Large-scale annotation efforts typically involve several experts who may disagree with each other. We propose an approach for modeling disagreements among experts that allows providing each annotation with a confidence value (i.e., the posterior probability that it is correct). Our approach allows computing certainty-level for individual annotations, given annotator-specific parameters estimated from data. We developed two probabilistic models for performing this analysis, compared these models using computer simulation, and tested each model's actual performance, based on a large data set generated by human annotators specifically for this study.
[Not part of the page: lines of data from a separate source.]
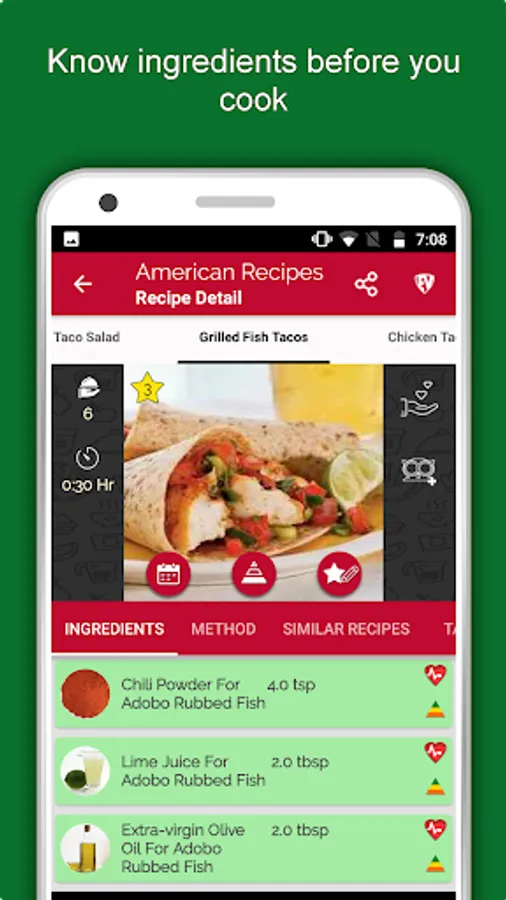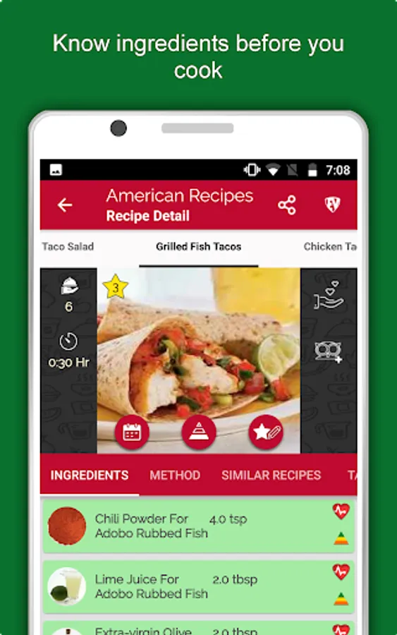 American Recipes is an app to explore the savory and tangy food from the land of America. Snack on recipes like burgers, hot dogs, pies, pancakes and more. Stimulate your taste buds and learn how to cook delicious American Food in an easy, step by step way and also know the servings. Learn about the American Cuisine and their eating etiquette.
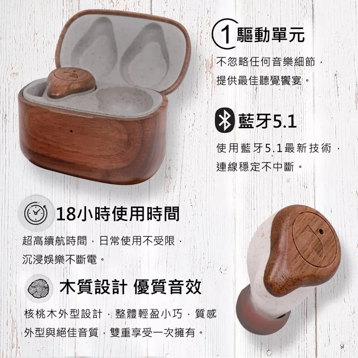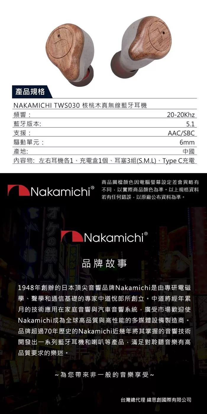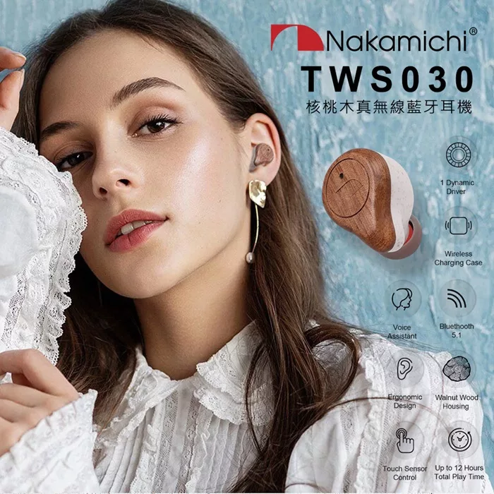 日本中道 Nakamichi TWS030 藍芽5.1 核桃木真無線耳機 高質感 公司貨一年保固 核桃木
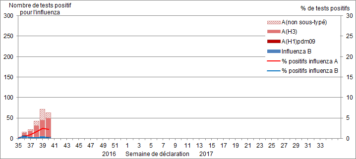 - Au cours des semaines 39 et 40, un total de 127 tests positifs pour la grippe ont été signalés. Le virus de la grippe A(H3N2) était le sous-type de gripple le plus commun en circulation au Canada et la majorité des tests positifs pour la grippe a été signalée chez les adultes de ≥65 ans.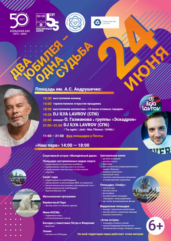 24 июня в Полярных Зорях в честь 50-летия пуска первого энергоблока Кольской АЭС и 55-летия города-спутника для жителей и гостей организуют около 100 праздничных мероприятий – концерты, мастер-классы, соревнования и многое другое.

We show that even in the worst-case scenario, when all annotators disagree, our approach allows us to significantly increase the probability of choosing the correct annotation. Along with this publication we make publicly available a corpus of 10,000 sentences annotated according to several cardinal dimensions that we have introduced in earlier work. The 10,000 sentences were all 3-fold annotated by a group of eight experts, while a 1,000-sentence subset was further 5-fold annotated by five new experts. While the presented data represent a specialized curation task, our modeling approach is general; most data annotation studies could benefit from our methodology.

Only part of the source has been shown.